>>>
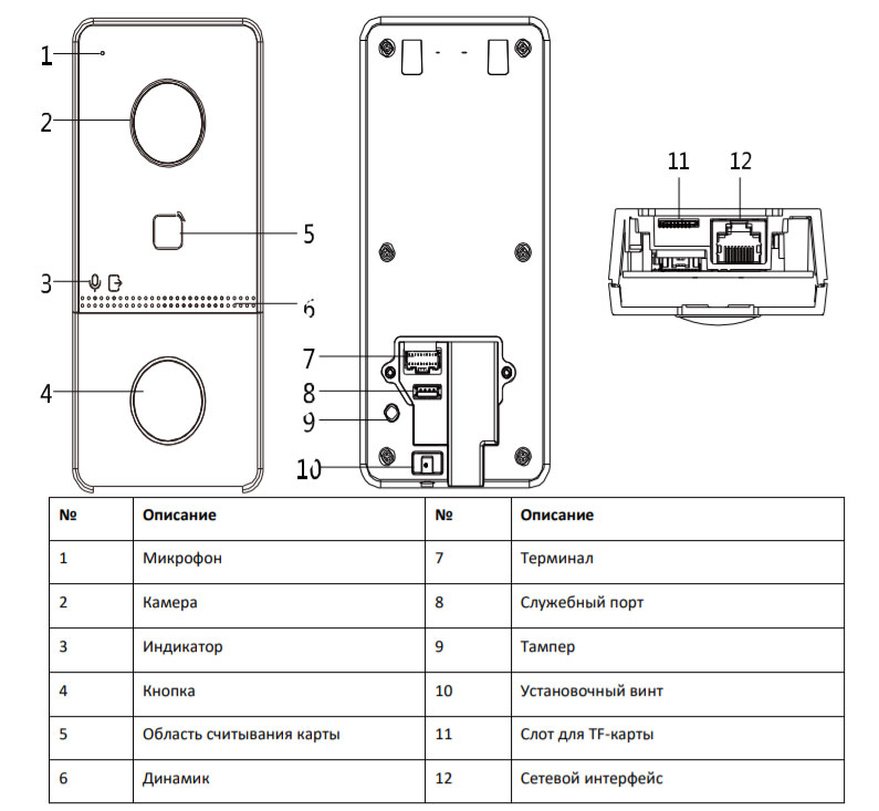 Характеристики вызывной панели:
<<<
>>>
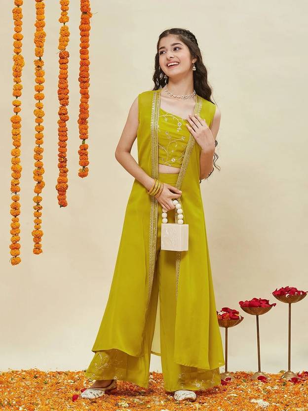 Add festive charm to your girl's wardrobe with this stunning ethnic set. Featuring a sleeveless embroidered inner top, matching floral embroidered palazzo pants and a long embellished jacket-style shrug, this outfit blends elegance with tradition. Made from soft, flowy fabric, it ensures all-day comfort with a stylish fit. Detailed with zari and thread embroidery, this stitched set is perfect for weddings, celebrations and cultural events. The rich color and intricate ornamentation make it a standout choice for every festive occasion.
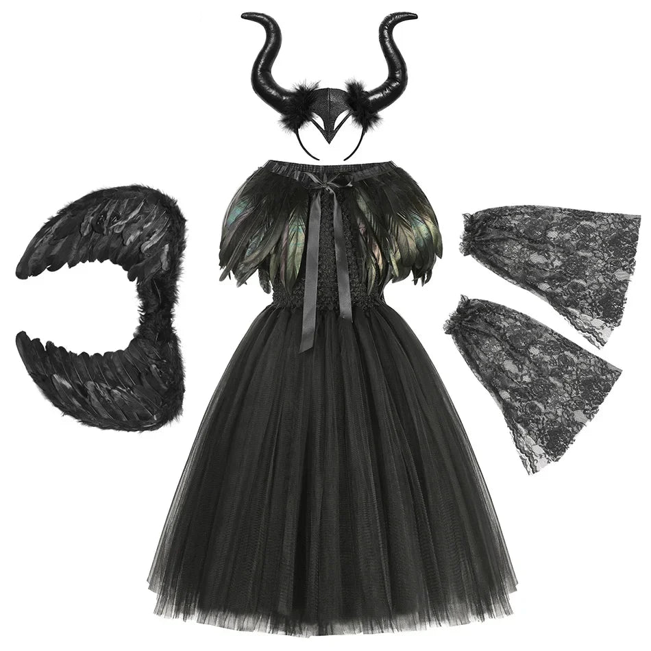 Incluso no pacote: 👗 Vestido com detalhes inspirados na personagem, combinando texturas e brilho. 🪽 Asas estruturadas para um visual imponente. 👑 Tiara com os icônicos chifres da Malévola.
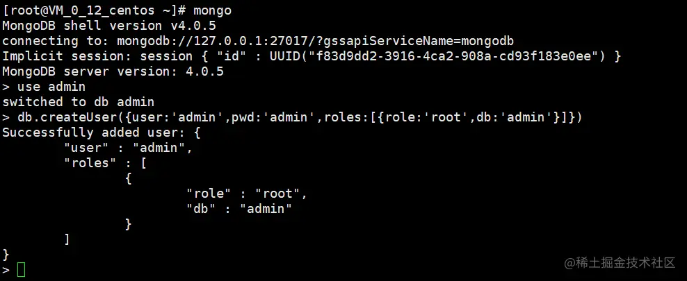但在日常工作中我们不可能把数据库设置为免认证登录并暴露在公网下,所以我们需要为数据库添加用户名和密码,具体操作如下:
<<<
*Task instructions*
What is wanted is an exact copy of the lines above from the one containing "Incluso no pacote: 👗" through the one containing "但在日常工作中我们不可能把数", with no pictures in it.

*Expected answer*
 Incluso no pacote: 👗 Vestido com detalhes inspirados na personagem, combinando texturas e brilho. 🪽 Asas estruturadas para um visual imponente. 👑 Tiara com os icônicos chifres da Malévola.
但在日常工作中我们不可能把数据库设置为免认证登录并暴露在公网下,所以我们需要为数据库添加用户名和密码,具体操作如下:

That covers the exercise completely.